Central to this viewpoint was the “Person in the Box” framework, which encourages teams to evaluate workflows task by task. Some activities, Heuman argued, are highly suitable for AI support, particularly small, clearly bounded tasks. Others become problematic when complexity, ambiguity, or contextual judgment increase.

He illustrated this distinction with a simple example: asking AI to rewrite a single sentence in plain language may work extremely well, while asking it to simplify an entire document introduces far greater variability and risk. He described this tendency to overextend AI into overly broad applications as the “big box blunder.”

This perspective also raised broader concerns surrounding AI adoption, including data security, implementation burden, environmental impact, copyright considerations, and the downstream workload associated with reviewing low-quality AI outputs. Several comments during the debate focused on the danger of over-trusting AI-generated summaries or deliverables without careful human review.

At the same time, Heuman acknowledged that AI can provide meaningful value when used deliberately and with strong oversight. His emphasis on “healthy cynicism” ultimately reinforced, rather than contradicted, themes raised by the other speakers. Across the discussion, human judgment consistently emerged as essential.

Closing Insight

Although one perspective ultimately “won” the balloon debate, the session resisted a simple conclusion. The four viewpoints collectively revealed three interconnected themes: AI’s ability to support trust and quality, its potential to expand what medical communications teams can accomplish, and the importance of applying it with discernment and oversight.

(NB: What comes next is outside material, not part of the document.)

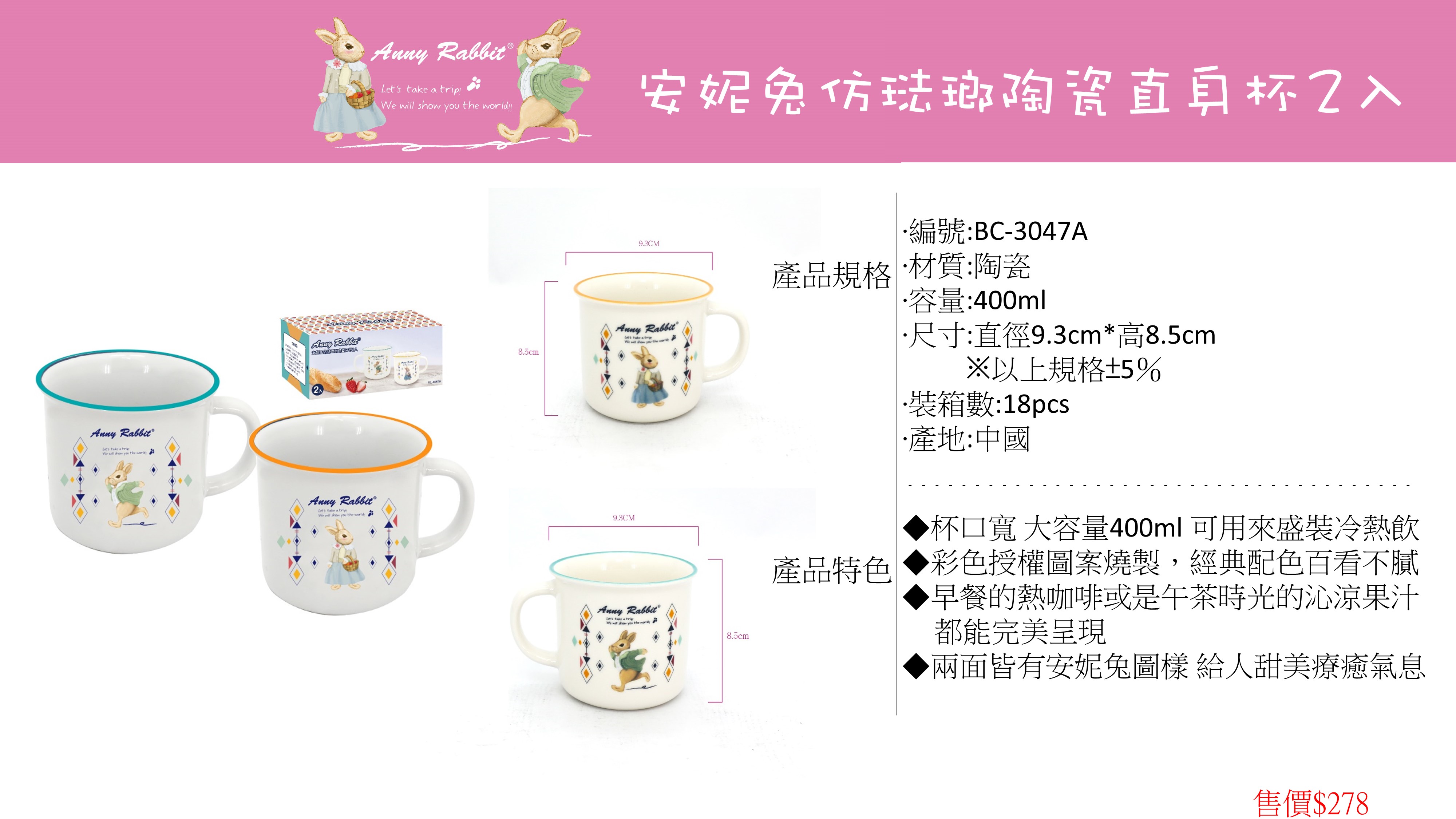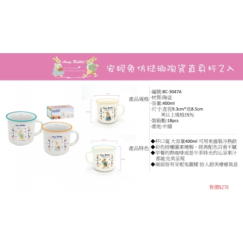 安妮兔仿琺瑯陶瓷杯2入

Rather than positioning speed, innovation, and skepticism as opposing forces, the discussion suggested that they are increasingly interdependent. As AI adoption continues across medical affairs and communications, the central challenge may be less about choosing a single value proposition and more about balancing these priorities responsibly in service of accurate, accessible, and meaningful scientific exchange.


Acknowledgment: The ISMPP Insider Content Lab team would like to thank the four faculty volunteers and session moderator who participated in the 2026 European Meeting of ISMPP, Faster? Better? Cheaper? Debating the Value Proposition of AI in Medical Communications.

Disclaimer: The views and opinions expressed by the speakers in their presentation at the 2026 European Meeting of ISMPP are their own and do not necessarily reflect the views, policies, or positions of their employer or of ISMPP.​

Disclosure: This article was developed by the ISMPP Insider Content Lab team using ChatGPT 5.2 (OpenAI) customized to meet the requirements for a Content Lab article. Inputs to the custom GPT were the ISMPP-supplied session transcript (Snapsight) and the onsite slide presentation by the faculty. Human editorial and process oversight was provided by members of the Content Lab team, Vidhi Vashisht, Jerolyn Monte, and Ross Ruriani, and Doreen Valentine (ISMPP).

©2026 International Society of Medical Publication Professionals (ISMPP)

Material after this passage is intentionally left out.